Aug 23 04:53:27 focal-nbd kernel: qemu-nbd D 0 1815 1 0x00000000
Aug 23 04:53:27 focal-nbd kernel: Call Trace:
Aug 23 04:53:27 focal-nbd kernel: __schedule+0x2e3/0x740
Aug 23 04:53:27 focal-nbd kernel: ? __kfifo_to_user_r+0xa0/0xa0
Aug 23 04:53:27 focal-nbd kernel: schedule+0x42/0xb0
Aug 23 04:53:27 focal-nbd kernel: blk_mq_freeze_queue_wait+0x4b/0xb0
Aug 23 04:53:27 focal-nbd kernel: ? __wake_up_pollfree+0x40/0x40
Aug 23 04:53:27 focal-nbd kernel: blk_mq_freeze_queue+0x1b/0x20
Aug 23 04:53:27 focal-nbd kernel: nbd_add_socket+0x5e/0x1d0 [nbd]
Aug 23 04:53:27 focal-nbd kernel: nbd_ioctl+0x2f7/0x410 [nbd]

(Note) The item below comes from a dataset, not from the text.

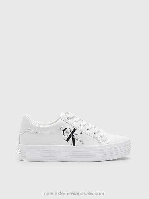 F64Z3032 Bright White Women Calvin Klein Leather Platform Trainers

Aug 23 04:53:27 focal-nbd kernel: blkdev_ioctl+0x383/0xa30
Aug 23 04:53:27 focal-nbd kernel: block_ioctl+0x3d/0x50
Aug 23 04:53:27 focal-nbd kernel: do_vfs_ioctl+0x407/0x670
Aug 23 04:53:27 focal-nbd kernel: ? putname+0x4a/0x50
Aug 23 04:53:27 focal-nbd kernel: ksys_ioctl+0x67/0x90
Aug 23 04:53:27 focal-nbd kernel: __x64_sys_ioctl+0x1a/0x20
Aug 23 04:53:27 focal-nbd kernel: do_syscall_64+0x57/0x190
Aug 23 04:53:27 focal-nbd kernel: entry_SYSCALL_64_after_hwframe+0x44/0xa9
Aug 23 04:53:27 focal-nbd kernel: RIP: 0033:0x7fd12b7573ab
Aug 23 04:53:27 focal-nbd kernel: Code: Bad RIP value.

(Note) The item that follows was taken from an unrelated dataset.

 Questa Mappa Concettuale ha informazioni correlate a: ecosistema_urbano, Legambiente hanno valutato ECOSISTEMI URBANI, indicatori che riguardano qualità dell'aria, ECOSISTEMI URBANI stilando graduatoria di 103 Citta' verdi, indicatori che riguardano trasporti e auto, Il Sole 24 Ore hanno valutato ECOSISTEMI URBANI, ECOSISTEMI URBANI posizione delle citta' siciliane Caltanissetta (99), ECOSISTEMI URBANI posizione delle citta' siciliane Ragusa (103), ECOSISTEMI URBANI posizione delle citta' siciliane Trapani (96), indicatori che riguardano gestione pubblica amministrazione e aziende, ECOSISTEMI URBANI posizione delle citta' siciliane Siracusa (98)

Aug 23 04:53:27 focal-nbd kernel: RSP: 002b:00007fd129fa2a18 EFLAGS: 00000246 ORIG_RAX: 0000000000000010
Aug 23 04:53:27 focal-nbd kernel: RAX: ffffffffffffffda RBX: 0000000000000001 RCX: 00007fd12b7573ab
Aug 23 04:53:27 focal-nbd kernel: RDX: 000000000000000b RSI: 000000000000ab00 RDI: 000000000000000d
Aug 23 04:53:27 focal-nbd kernel: RBP: 00007fd129fa2aa8 R08: 0000000000000000 R09: 0000000000000001
Aug 23 04:53:27 focal-nbd kernel: R10: 0000000000000000 R11: 0000000000000246 R12: 00007fd129fa2ab0
Aug 23 04:53:27 focal-nbd kernel: R13: 000000000000000d R14: 000000001f400000 R15: 00007fd120000b80

I then rebooted, enabled -proposed and installed kernel 5.4.0-125-generic.

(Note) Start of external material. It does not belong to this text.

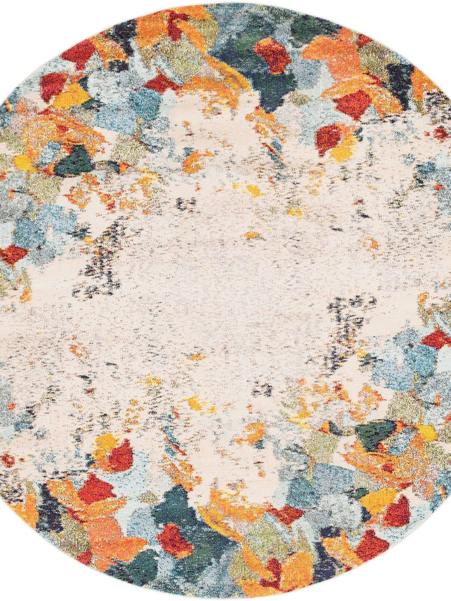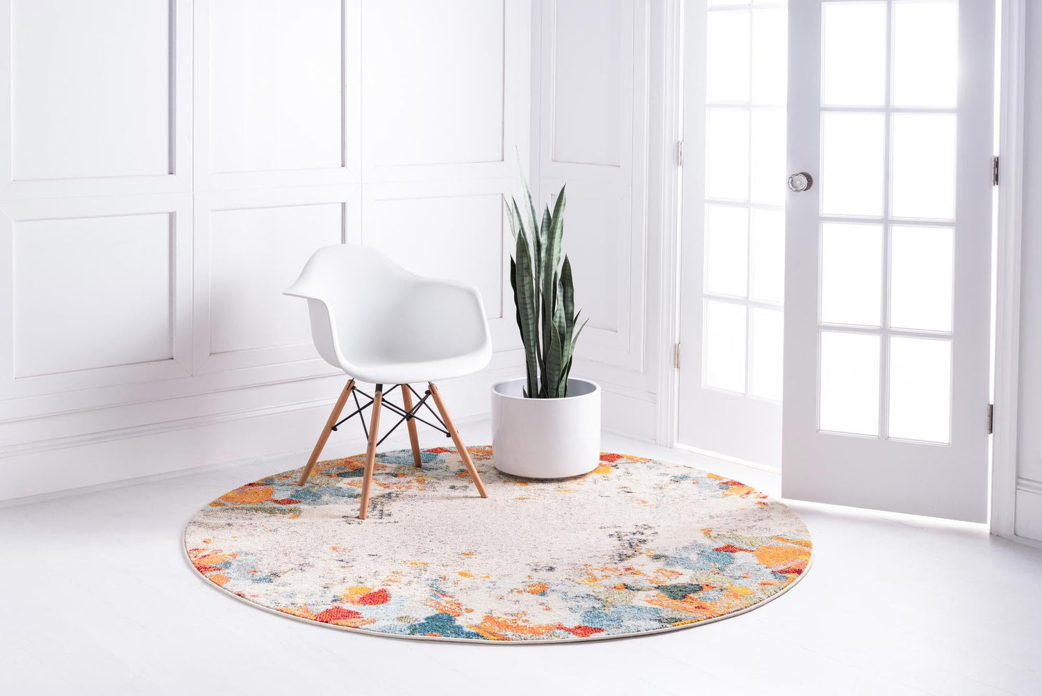 Multicolor 8' x 8' Chromatic Round Area Rug 100% Polypropylene With Cotton Backing Abstract Modern Colorful Carpet Mat for Home Decor & Interior Design

I left the reproducer.sh script running for a bit over an hour, and it was still running perfectly fine when I got back to it. Requests are still moving smoothly, and no longer getting stuck.

The 5.4.0-125-generic kernel in -proposed fixes the issue. Happy to mark it verified.